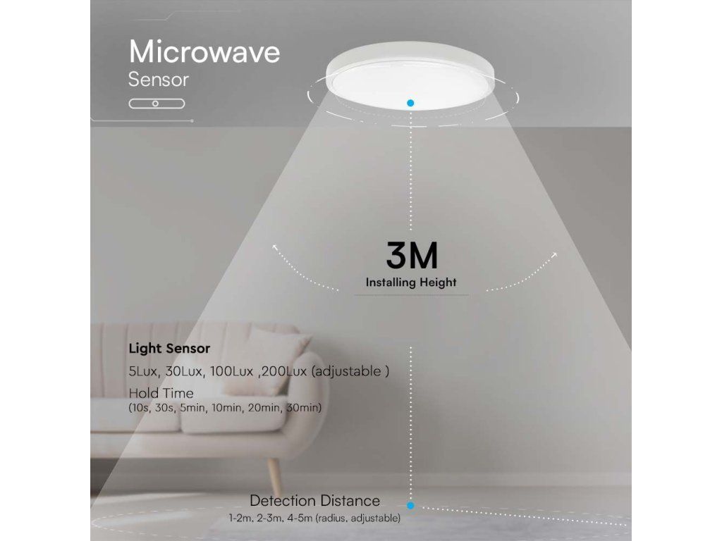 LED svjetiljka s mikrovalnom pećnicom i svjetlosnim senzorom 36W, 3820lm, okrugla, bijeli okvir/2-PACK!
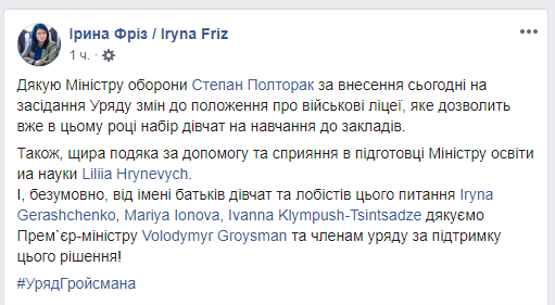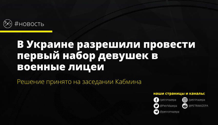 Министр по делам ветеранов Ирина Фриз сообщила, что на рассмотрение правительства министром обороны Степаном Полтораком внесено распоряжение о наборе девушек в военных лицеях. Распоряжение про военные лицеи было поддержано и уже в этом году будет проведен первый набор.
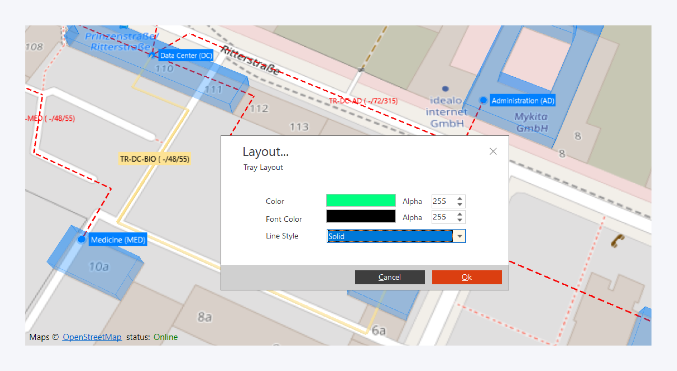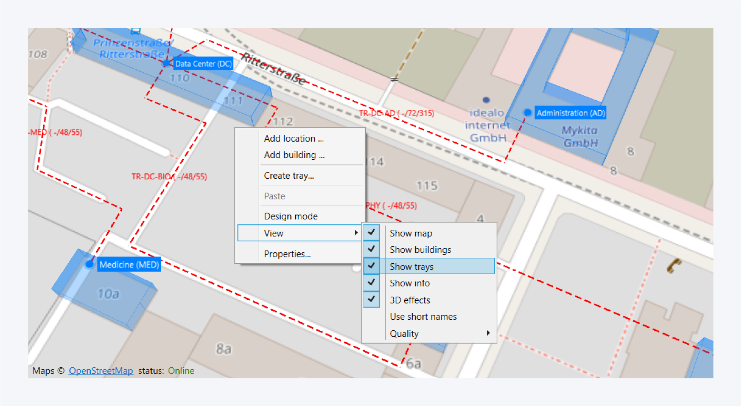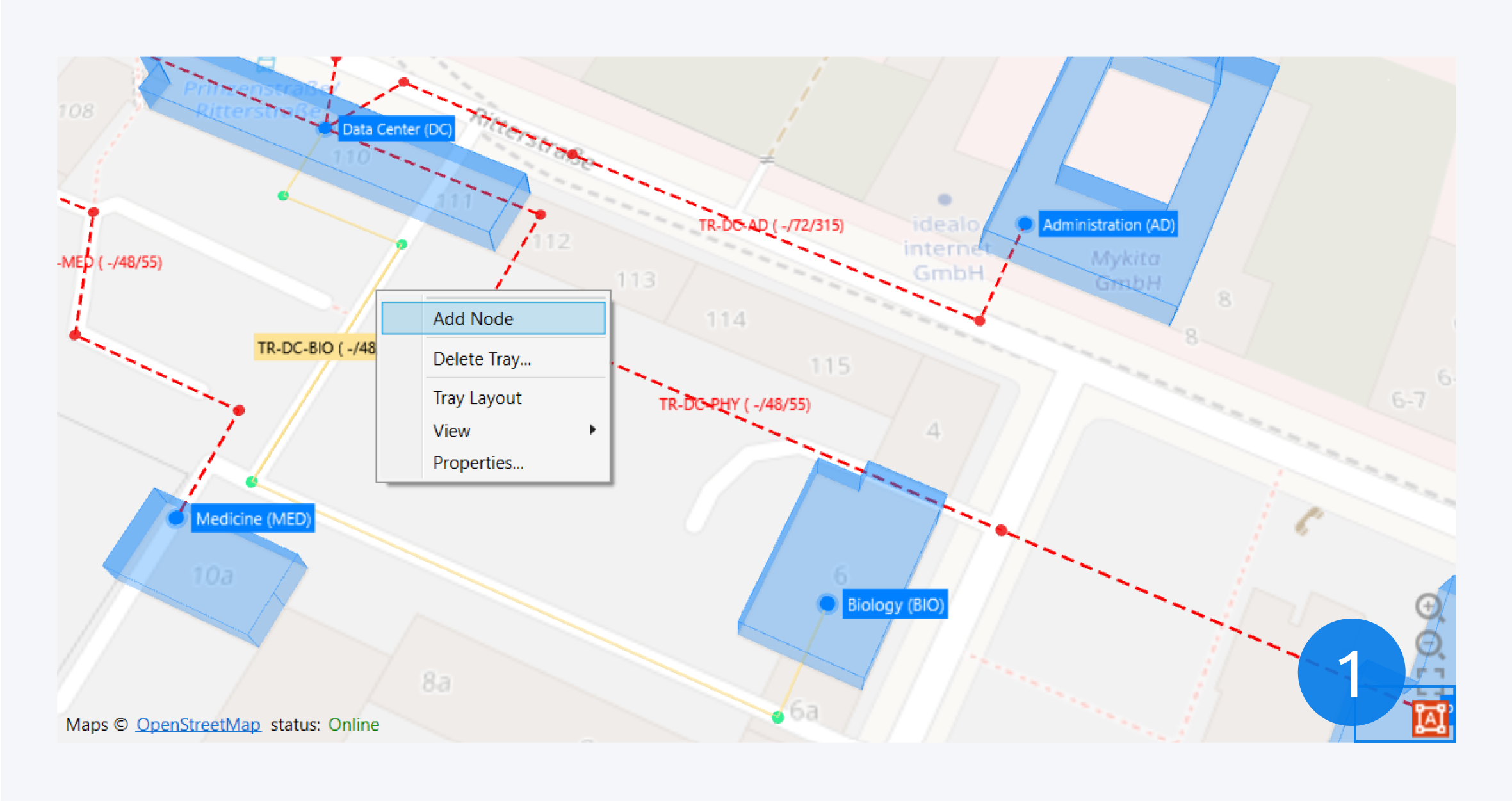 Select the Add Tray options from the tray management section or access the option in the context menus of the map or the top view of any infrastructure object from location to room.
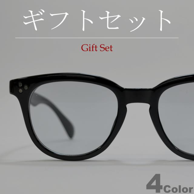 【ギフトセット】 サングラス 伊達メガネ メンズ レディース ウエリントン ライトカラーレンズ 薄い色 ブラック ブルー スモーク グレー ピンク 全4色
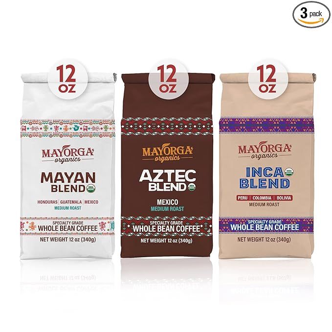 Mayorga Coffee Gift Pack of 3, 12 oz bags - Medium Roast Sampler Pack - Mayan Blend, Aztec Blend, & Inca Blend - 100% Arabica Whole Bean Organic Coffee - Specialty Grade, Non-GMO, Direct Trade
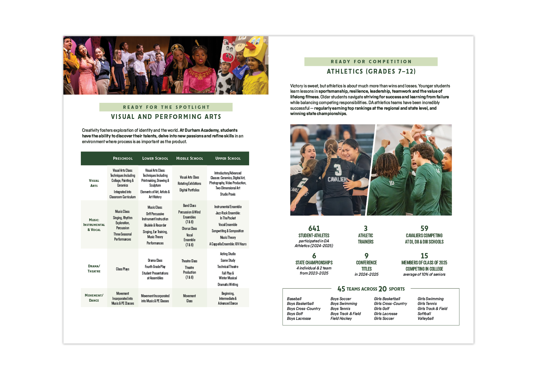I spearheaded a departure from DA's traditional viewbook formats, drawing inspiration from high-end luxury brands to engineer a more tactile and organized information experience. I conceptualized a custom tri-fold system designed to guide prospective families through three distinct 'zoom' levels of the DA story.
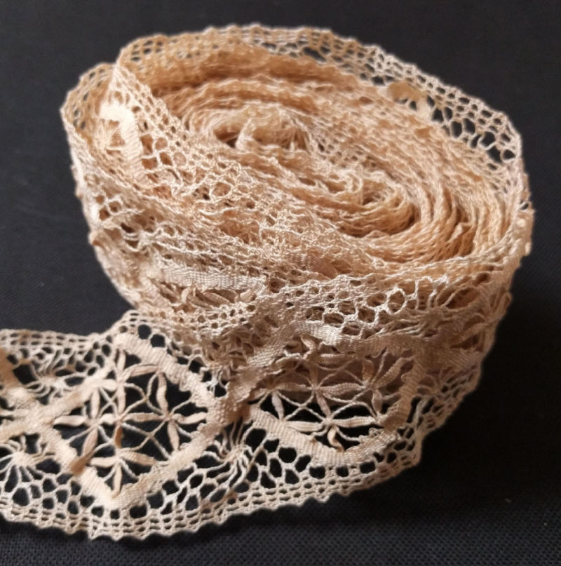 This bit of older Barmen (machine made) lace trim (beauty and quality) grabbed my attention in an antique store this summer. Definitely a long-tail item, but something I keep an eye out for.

==================================================

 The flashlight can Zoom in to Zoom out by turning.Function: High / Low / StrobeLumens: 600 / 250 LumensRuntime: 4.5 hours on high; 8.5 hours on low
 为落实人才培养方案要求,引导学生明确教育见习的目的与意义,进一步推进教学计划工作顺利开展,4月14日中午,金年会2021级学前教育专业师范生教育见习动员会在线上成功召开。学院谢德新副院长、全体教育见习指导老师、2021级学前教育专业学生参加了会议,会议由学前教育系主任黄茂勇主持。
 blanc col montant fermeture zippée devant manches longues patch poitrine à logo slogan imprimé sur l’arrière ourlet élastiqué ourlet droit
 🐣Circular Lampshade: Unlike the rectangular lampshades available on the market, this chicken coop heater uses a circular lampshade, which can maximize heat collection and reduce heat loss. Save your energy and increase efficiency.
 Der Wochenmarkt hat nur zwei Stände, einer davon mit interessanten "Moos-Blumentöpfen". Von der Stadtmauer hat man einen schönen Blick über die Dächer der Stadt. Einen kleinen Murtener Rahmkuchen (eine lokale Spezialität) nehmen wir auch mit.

==================================================

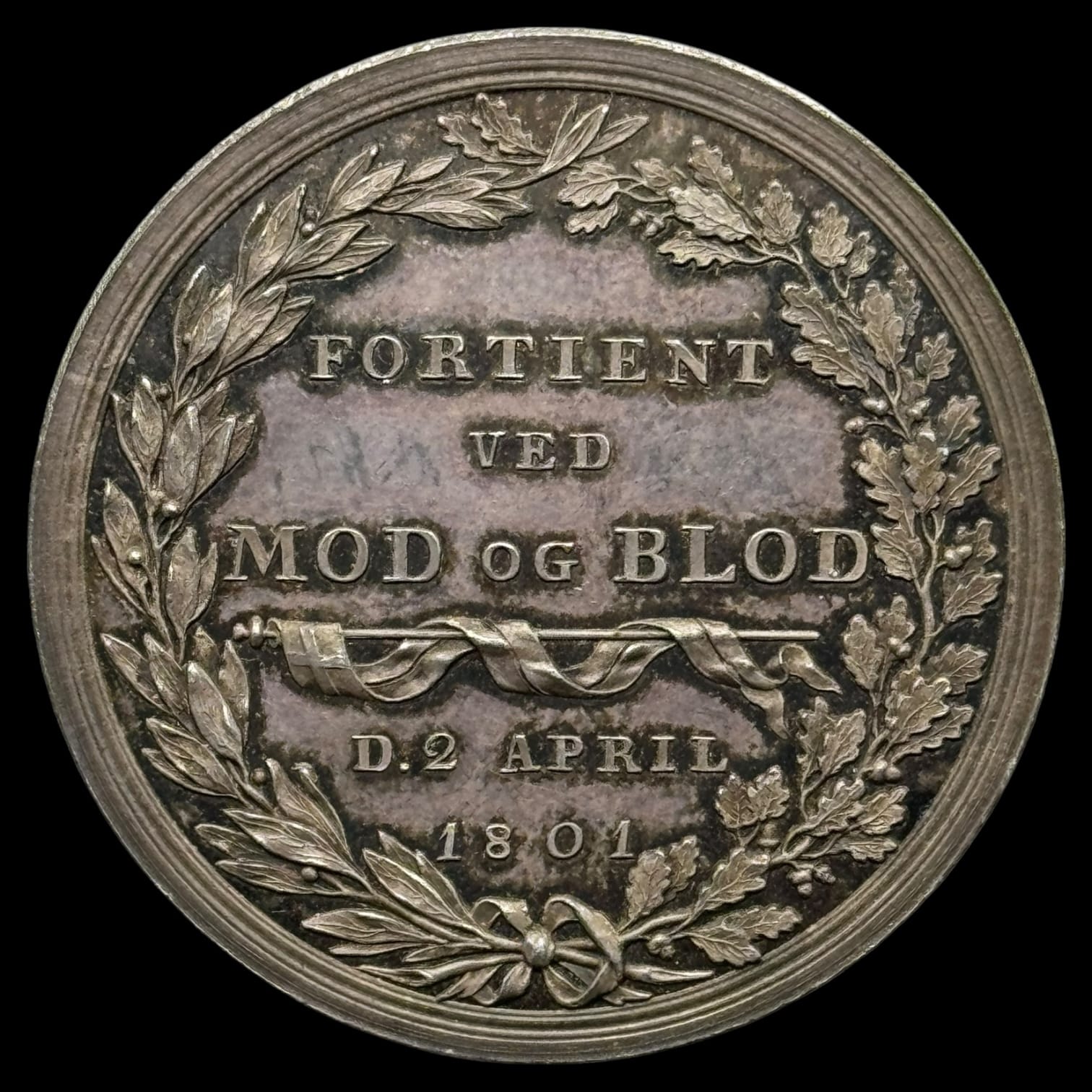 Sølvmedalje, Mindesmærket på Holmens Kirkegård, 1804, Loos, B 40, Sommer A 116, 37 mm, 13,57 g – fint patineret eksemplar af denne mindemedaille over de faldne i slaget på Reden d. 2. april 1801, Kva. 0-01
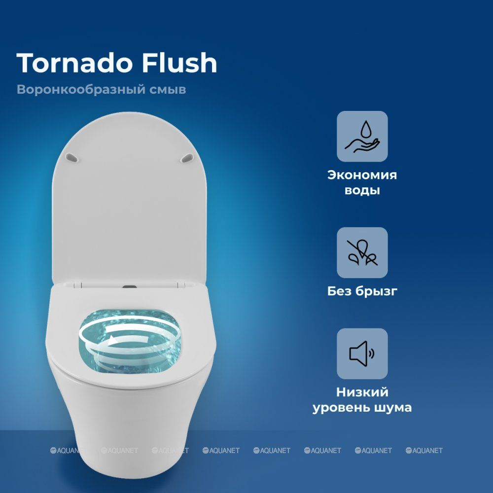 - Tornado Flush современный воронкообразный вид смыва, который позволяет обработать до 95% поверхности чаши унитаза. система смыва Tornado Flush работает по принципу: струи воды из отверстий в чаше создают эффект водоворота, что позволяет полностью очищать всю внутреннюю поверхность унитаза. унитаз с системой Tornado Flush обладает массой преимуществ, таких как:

==================================================

* **WHAT THIS TASK INVOLVES**
What is wanted is an exact copy of the lines above from the one containing "LED svjetiljka s" through the one containing "I spearheaded a", with no pictures in it.

* **ANSWER TO THE EXERCISE**
 LED svjetiljka s mikrovalnom pećnicom i svjetlosnim senzorom 36W, 3820lm, okrugla, bijeli okvir/2-PACK!
 Министр по делам ветеранов Ирина Фриз сообщила, что на рассмотрение правительства министром обороны Степаном Полтораком внесено распоряжение о наборе девушек в военных лицеях. Распоряжение про военные лицеи было поддержано и уже в этом году будет проведен первый набор.
 Select the Add Tray options from the tray management section or access the option in the context menus of the map or the top view of any infrastructure object from location to room.
 【ギフトセット】 サングラス 伊達メガネ メンズ レディース ウエリントン ライトカラーレンズ 薄い色 ブラック ブルー スモーク グレー ピンク 全4色
 Mayorga Coffee Gift Pack of 3, 12 oz bags - Medium Roast Sampler Pack - Mayan Blend, Aztec Blend, & Inca Blend - 100% Arabica Whole Bean Organic Coffee - Specialty Grade, Non-GMO, Direct Trade
I spearheaded a departure from DA's traditional viewbook formats, drawing inspiration from high-end luxury brands to engineer a more tactile and organized information experience. I conceptualized a custom tri-fold system designed to guide prospective families through three distinct 'zoom' levels of the DA story.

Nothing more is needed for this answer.